Furthermore, he has pursued the Hizmet movement outside of Turkey, leveraging the Turkish state’s support for foreign governments to close schools and institutions and deport peaceful, law-abiding people. Erdogan’s efforts to dismantle Hizmet initiatives outside of Turkey have, thankfully, largely failed, despite bringing to bear enormous financial resources and the full weight of the state’s bureaucratic apparatus.
Due to these failures in the international arena, Erdogan has turned to religious levers to attack the peaceful Hizmet movement, including constructing a false narrative through the Turkish Religious Directorate and a seminary delegation of scholars.
Sadly, the President of the Directorate of Religious Affairs has expressed himself that the institution is being used to put a religious legitimacy on this illegitimate and deliberate extermination campaign. This will continue to deeply undermine the religion-state-society relations in Turkey, which are already considerably strained.
It is a deep shame that the Turkish Religious Directorate has succumbed to Erdogan’s pressure. But given the autocratic situation in Turkey these days, it is hardly surprising. This report is simply a new indicator of the status of President’s totalitarian control over the state institutions of the Republic of Turkey. The horrifying experience of Hizmet movement under Erdogan regime is proof that no religious or civic group in Turkey is safe from becoming the next target of persecution by the state.
Because of its political motivation, baseless premises and foregone conclusions, the report does not deserve a dignified response by Hizmet participants. But for the Muslim audiences who are confused by it we would like to mention one fact: Neither the Directorate of Religious Affairs as an institution, nor its directors issued any significant criticism against Hizmet movement or Mr. Gulen congruent with the claims of this report up until December 2013 when then prime minister Erdogan decided to label a corruption probe a “judicial coup” against his government and accuse Gulen-sympathizers within the judiciary to be behind it.
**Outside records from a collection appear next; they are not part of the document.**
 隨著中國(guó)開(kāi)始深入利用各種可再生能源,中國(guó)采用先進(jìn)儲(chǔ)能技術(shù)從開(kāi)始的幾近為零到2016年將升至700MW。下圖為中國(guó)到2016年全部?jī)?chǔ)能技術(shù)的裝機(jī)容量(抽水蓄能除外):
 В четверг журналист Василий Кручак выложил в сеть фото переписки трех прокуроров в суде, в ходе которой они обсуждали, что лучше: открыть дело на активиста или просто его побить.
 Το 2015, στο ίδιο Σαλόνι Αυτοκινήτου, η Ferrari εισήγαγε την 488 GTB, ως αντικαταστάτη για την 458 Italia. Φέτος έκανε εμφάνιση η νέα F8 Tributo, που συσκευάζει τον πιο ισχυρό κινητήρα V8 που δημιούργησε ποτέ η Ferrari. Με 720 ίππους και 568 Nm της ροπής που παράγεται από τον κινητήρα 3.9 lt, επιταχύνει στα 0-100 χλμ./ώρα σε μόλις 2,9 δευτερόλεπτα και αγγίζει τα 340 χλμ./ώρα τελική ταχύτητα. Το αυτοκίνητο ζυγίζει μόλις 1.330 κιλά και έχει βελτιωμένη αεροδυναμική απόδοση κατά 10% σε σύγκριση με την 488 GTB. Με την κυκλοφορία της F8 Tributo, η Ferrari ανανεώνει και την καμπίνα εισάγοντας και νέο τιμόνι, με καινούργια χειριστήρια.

To the contrary, throughout Mr. Gulen’s career of over 30 years as a preacher and the development of the Hizmet movement during this time there have been numerous messages of recognition and praise at the efforts of Mr. Gulen and Hizmet participants, including those by former presidents of Directorate of Religious Affairs.
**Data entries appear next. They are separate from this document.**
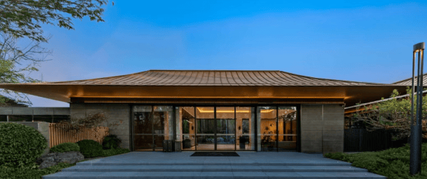 项目采用"围合式"布局,建筑外立面融合苏州传统民居元素与现代简约风格,以灰白为主色调搭配香槟金铝板线条,顶部设计飞檐飘檐,既保留江南韵味又具国际审美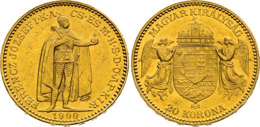 20 Korona 1900, Kremnica, 6,78 g, 21 mm, Frühwald 2064, Herinek 361, Novotný 138, Friedberg 250,
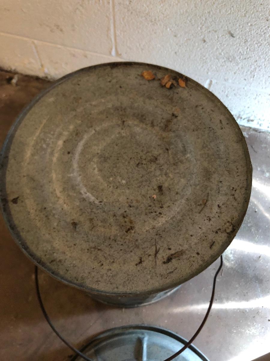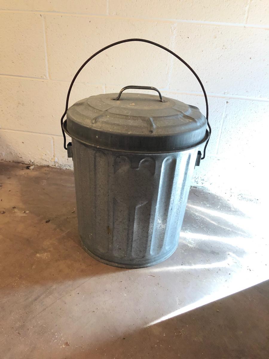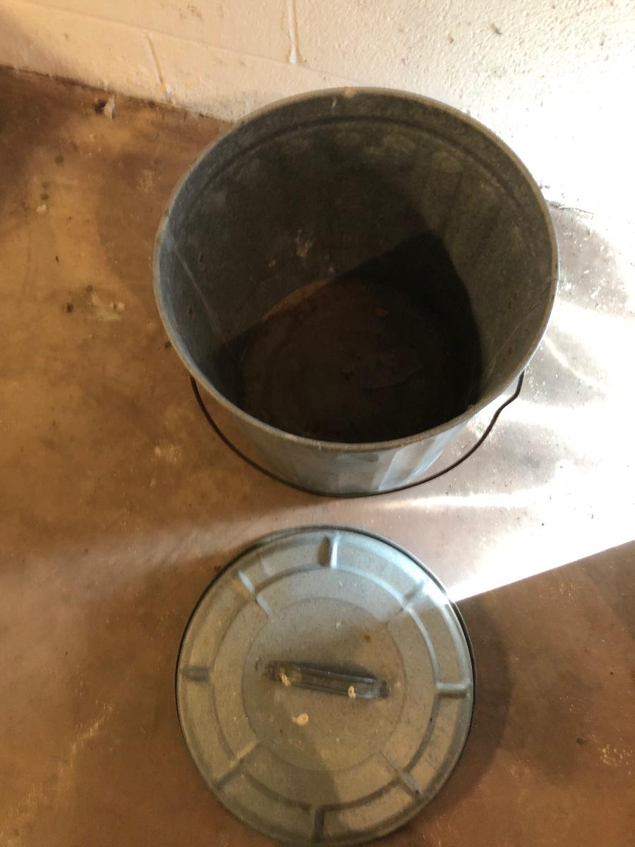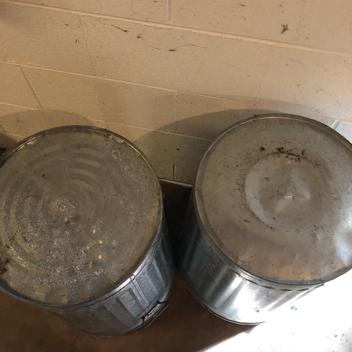 Lot includes 20 gallon Behrens galvanized garbage can, one 20 gallon unmarked galvanized garbage can and a five gallon galvanized can. All three have lids.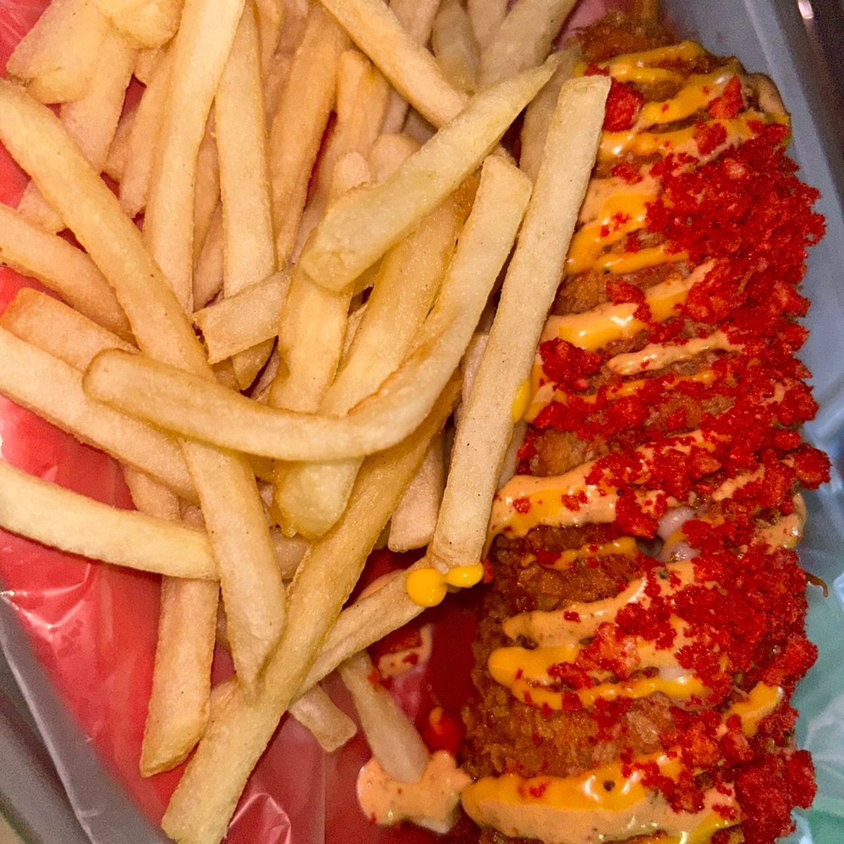 Banderilla con salchicha clásica, roja, y queso mozzarela, cubierta de crujiente panko, acompañada de papas fritas

Mr. Gulen served as an imam, Qur’an instructor, local preacher, Qur’an school director, and regional preacher from 1959 until 1981 as a state employee with a religious license by the Directorate. Between 1989 and 1991 Mr. Gulen was invited to preach at the largest mosques in Istanbul, such as the world famous Blue Mosque, to tens of thousands of listeners, as invited and authorized by the Directorate.
Therefore we believe that the record of the Directorate’s attitude toward Mr. Gulen and their expressions of praise for the past 40 years constitute the best response to their report.
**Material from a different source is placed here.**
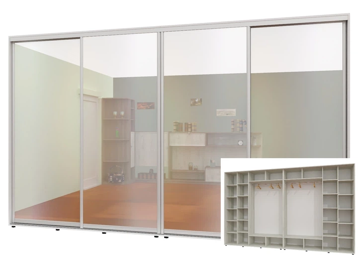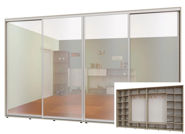 Шафа-купе чотиридверна Алекса 370*60*240 см Дуб молочний 4 двері Дзеркало ШК-02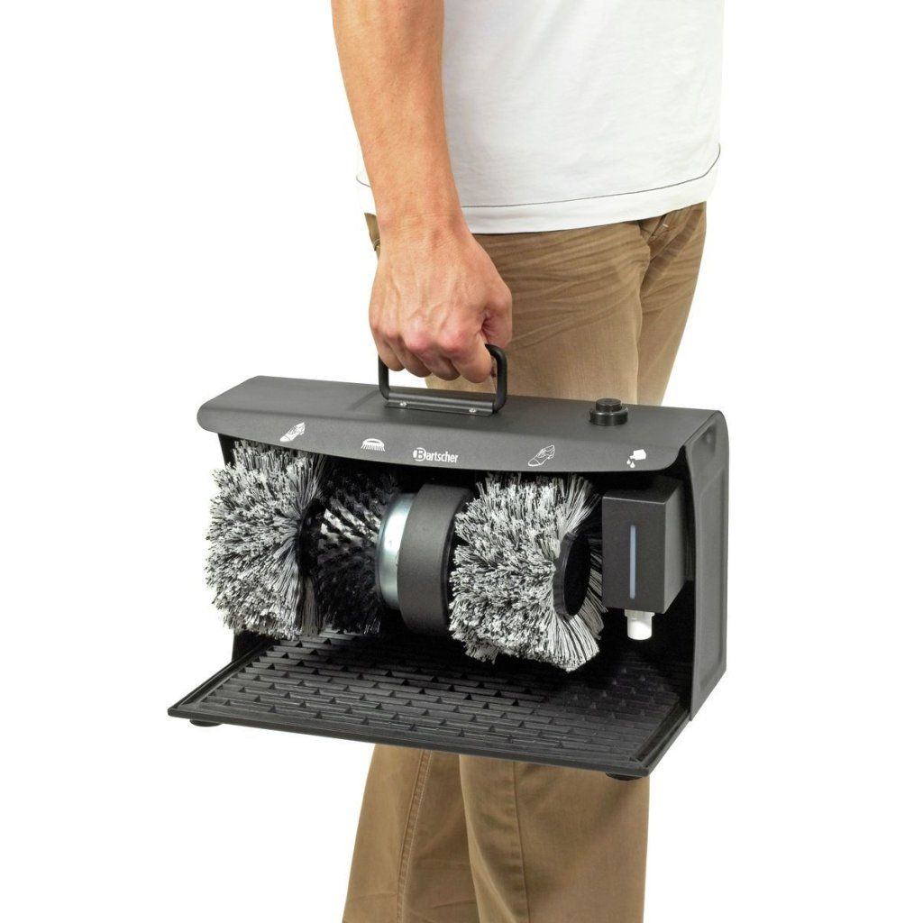 Stroj na čistenie obuvi - Leštenie topánok bez námahy - ovládanie tlačidlom nôh - Práškovaná oceľ, matná čierna s 3 tichými rotačnými kefami: - 2 leštiace kefy z terylenu (polyesteru), pre svetlú a tmavú obuv - 1 čistiaca kefa na silné znečistenie - dávkovač tekutého krému na topánky, 100 ml s guľovým ventilom, - bez rezervy leštidla - Nožné ovládanie pomocou tlačidla (ON/OFF) - 1 rukoväť na hornej strane jednotky, - 2 bočné úchyty (priehlbiny) - Podložka na zber nečistôt pre jednoduché čistenie stroja - bezúdržbový motor - príkon: 120 W / 230 V 50 Hz - rozmery: Š 400 x D 240 x V 260 mm - s nálevkou pre jednoduché plnenie dávkovača krému na topánky - hmotnosť: 6,4 kgDodatočné parametre

We invite the High Council of Religious Affairs to declare clearly what criteria they used to reach their conclusions in preparing this report and analyze speeches and actions by President Erdogan, his close affiliates and party leaders using the same criteria.
Finally, the statement by the Directorate of Religious Affairs clearly show that Erdogan uses the guise of religion and religious institutions to further his political aims.